Par Calixte Baniafouna
Il y a près de huit mois, la France installait au prix de la sueur, des larmes et du sang des Ivoiriens un président de la Communauté internationale en Côte d’Ivoire. Et depuis, celui-ci a beaucoup de mal à convaincre les Ivoiriens, la France souteneuse et la Communauté internationale bénéficiaire de la Démocratie coloniale française (titre de mon livre à paraître très bientôt) de ses capacités à réconcilier et à unifier les Ivoiriens pour la relance du pays sur de bonnes bases. Coupable désigné à cette incapacité : l’ombre de Laurent Gbagbo en territoire ivoirien. Il faut donc s’en débarrasser.
Deux éventualités se sont alors offertes à la France : soit l’élimination physique (comme en Libye), soit l’éloignement du « coupable désigné » pour le faire oublier aussi bien de ceux qui seraient encore tentés de fonder en lui un espoir (et ils sont d’une majorité écrasante dans son pays) que de ses détracteurs qui ont visiblement du mal à réaliser qu’un homme supplicié à ce point ne parvienne toujours pas à s’abdiquer de ses inflexibles convictions.
L’élimination physique de Gbagbo replongerait le pays dans une barbarie encore plus dramatique que même les bombes coloniales de Nicolas Sarkozy ou celles du Coréen Ban-Ki-Moon auraient du mal à contenir : ce serait le génocide à la rwandaise. Le choix français est donc fait : éloigner Gbagbo de la Côte d’Ivoire pour la Cour pénale internationale (CPI) à La Haye.

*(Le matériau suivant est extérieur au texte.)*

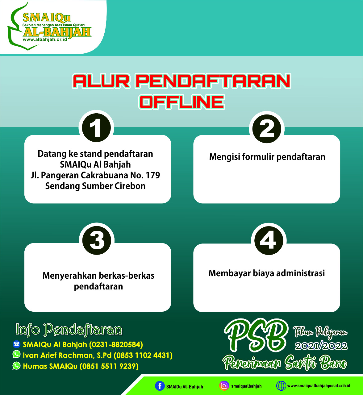 - Via website : www.smaiqualbahjahousat.sch.id

Mais hic ! On va à la CPI pour y être jugé notamment de crimes de guerre ou de crimes contre l’humanité. Or, que dire d’Alassane Ouattara dans ce domaine ? Le jugement qu’a de lui la majorité d’Ivoiriens est tellement criard que, même bénéficiant d’immunité présidentielle et à croire que la France et la Communauté internationale les aient habitués à l’écrasement éhonté de la justice et du droit, l’ahurissement serait à la mesure de la perte de confiance (déjà bien réelle) en cette véracité absolue sur les valeurs « démocratiques » pour lesquelles s’opère le tri entre « Grands gentils » et « Grands méchants ».
La France doit donc sacrifier. Mais qui ? Surtout pas Alassane Ouattara, le fidèle des fidèles si tant rêvé et si chèrement conquis, sans lequel les bombes coloniales sur la résidence présidentielle ivoirienne seraient vidées de tous sens. L’un des ex-rebelles alors ! Mais qui ? Surtout pas Guillaume Soro le maître à penser sans lequel le pouvoir de Ouattara n’est plus que coquille vide, puisque installé et solidifié sur la base de la violence ! Bon, tant pis ! Gbagbo ira à la CPI sans jamais être jugé et, avec lui, Guillaume Soro, quitte, à l’armée française présente sur le terrain, à faire le job qui était celui qui rendait Guillaume important pour Ouattara. Décision prise donc : sacrifier Guillaume Soro !
Dans la semaine 46 (novembre 2011), Alassane Ouattara est appelé en urgence par son maître de l’Élysée pour y recevoir la consigne. Laquelle consigne ? « Voilà : le 11 décembre aura lieu en Côte d’Ivoire le scrutin législatif. De ce scrutin se dessineront les contours du futur gouvernement. Que Gbagbo soit « parqué » à la Haye sans jamais être jugé est une chose, mais Soro, pour en avoir trop fait aux yeux du monde entier pourrait un jour ou l’autre être réclamé, lui aussi, à la CPI. Il est par ailleurs intéressant de profiter de la présence encore en poste de nos dociles amis à l’ONU et à la CPI pour battre le fer quand il est chaud : si Ban-Ki-moon est encore là pour quatre ans, Luis Moreno Ocampo devra quant à lui passer la main en juin 2012. Il est donc temps de sacrifier Soro pour laisser au président de la Communauté internationale une marge de manœuvre devant lui permettre de régner à vie comme ses pairs de Brazzaville, Libreville, Yaoundé, Bangui, Ndjamena, Lomé ou Ouagadougou ».
Consigne bien comprise, Alassane Ouattara a rencontré à Paris Luis Moreno Ocampo cette même fin de semaine du 14 novembre, où la décision a été arrêtée : Gbagbo sera transféré à la CPI, et c’est imminent. Quant à transférer Soro… humm ! Ça sent la poudre.